> _Work to be completed_
Working from the data below, write out exactly the lines from its first through the line that contains "のりカケルくんシリーズにPR", both ends included and pictures omitted.

> _Information shown_
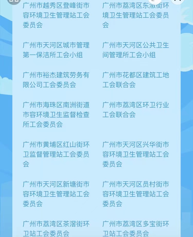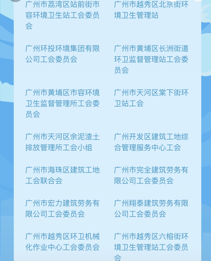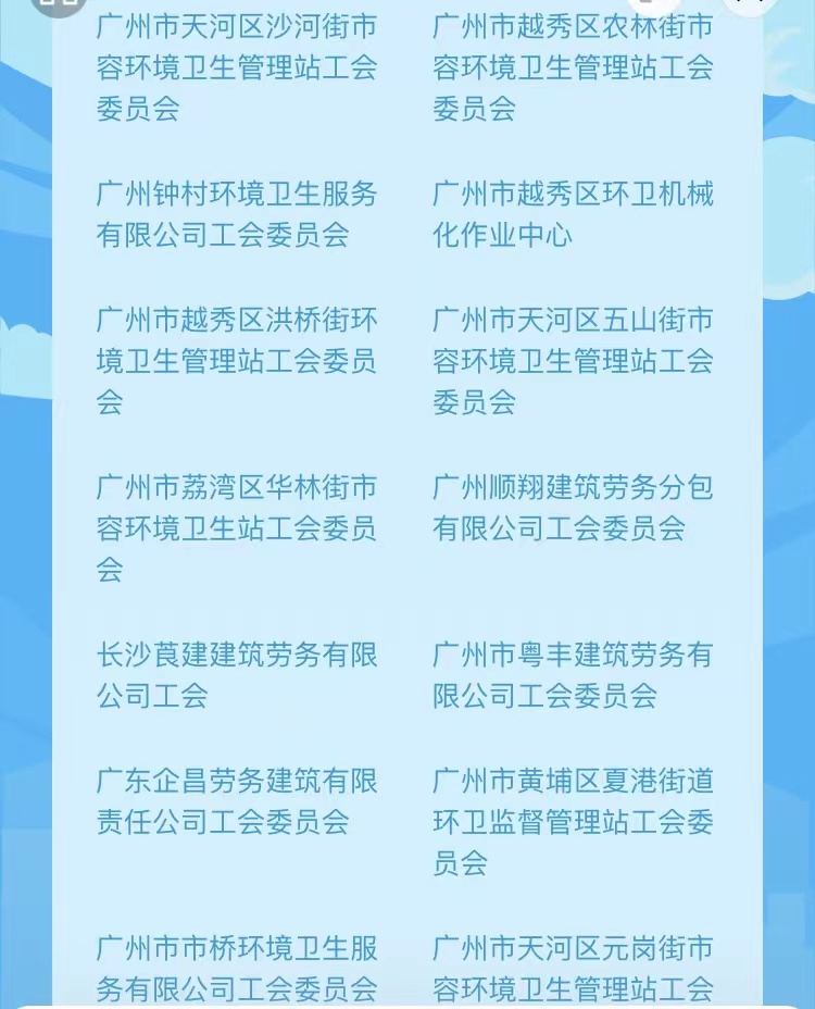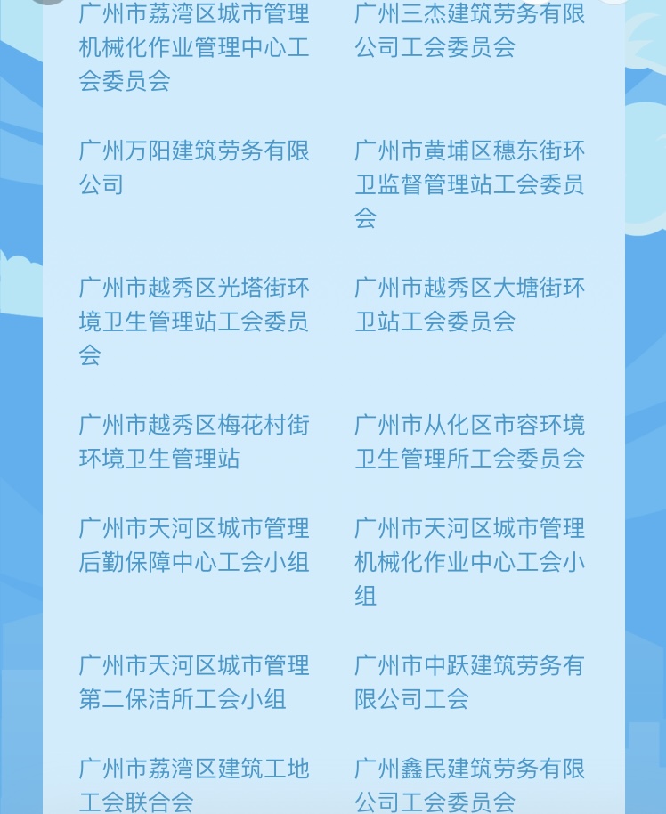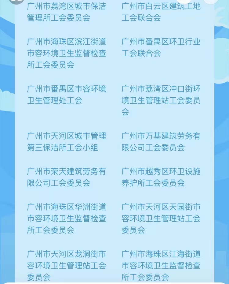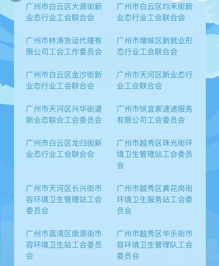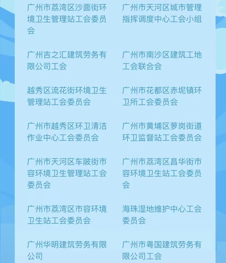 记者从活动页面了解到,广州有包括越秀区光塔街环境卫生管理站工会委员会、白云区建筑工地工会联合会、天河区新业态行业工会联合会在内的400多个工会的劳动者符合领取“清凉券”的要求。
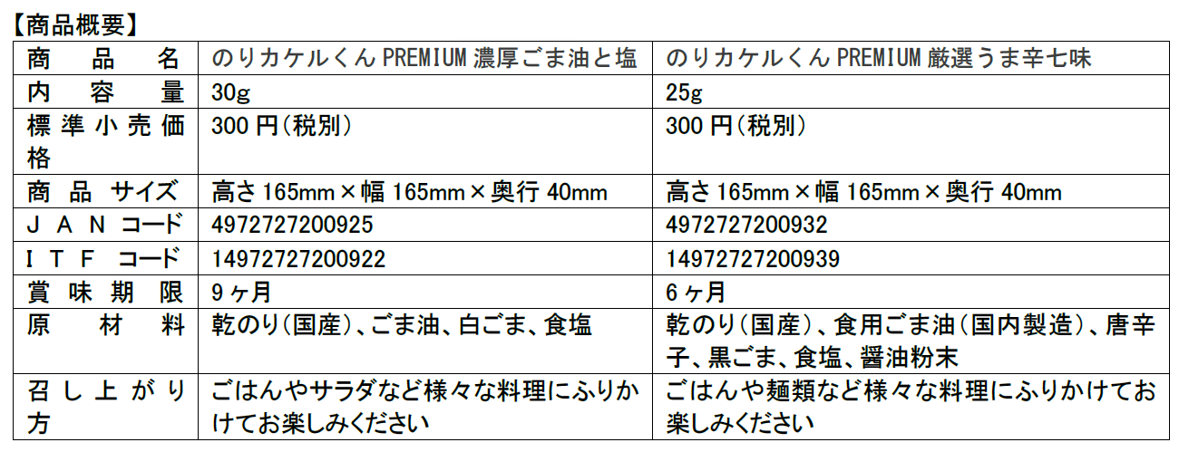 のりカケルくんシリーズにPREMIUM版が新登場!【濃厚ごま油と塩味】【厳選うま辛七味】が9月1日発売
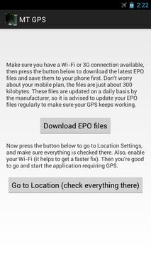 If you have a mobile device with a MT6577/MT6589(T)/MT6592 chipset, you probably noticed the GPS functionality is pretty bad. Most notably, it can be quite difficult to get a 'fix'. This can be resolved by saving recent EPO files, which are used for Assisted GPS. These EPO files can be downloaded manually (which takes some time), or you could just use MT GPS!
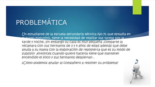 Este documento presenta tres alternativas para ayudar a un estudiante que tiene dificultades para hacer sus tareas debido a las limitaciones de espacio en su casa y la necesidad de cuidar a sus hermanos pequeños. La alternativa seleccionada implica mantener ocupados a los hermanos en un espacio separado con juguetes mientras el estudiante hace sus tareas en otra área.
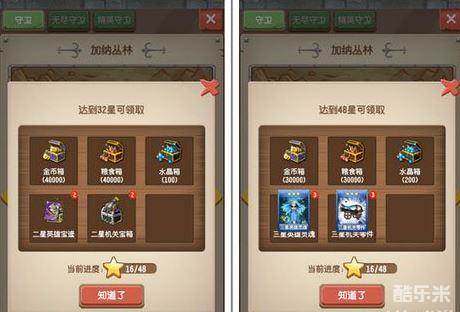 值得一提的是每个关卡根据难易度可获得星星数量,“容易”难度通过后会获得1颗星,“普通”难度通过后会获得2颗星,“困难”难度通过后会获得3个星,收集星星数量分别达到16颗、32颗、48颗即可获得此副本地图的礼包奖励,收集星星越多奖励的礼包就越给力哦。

> _Answer for this exercise_
 记者从活动页面了解到,广州有包括越秀区光塔街环境卫生管理站工会委员会、白云区建筑工地工会联合会、天河区新业态行业工会联合会在内的400多个工会的劳动者符合领取“清凉券”的要求。
 のりカケルくんシリーズにPREMIUM版が新登場!【濃厚ごま油と塩味】【厳選うま辛七味】が9月1日発売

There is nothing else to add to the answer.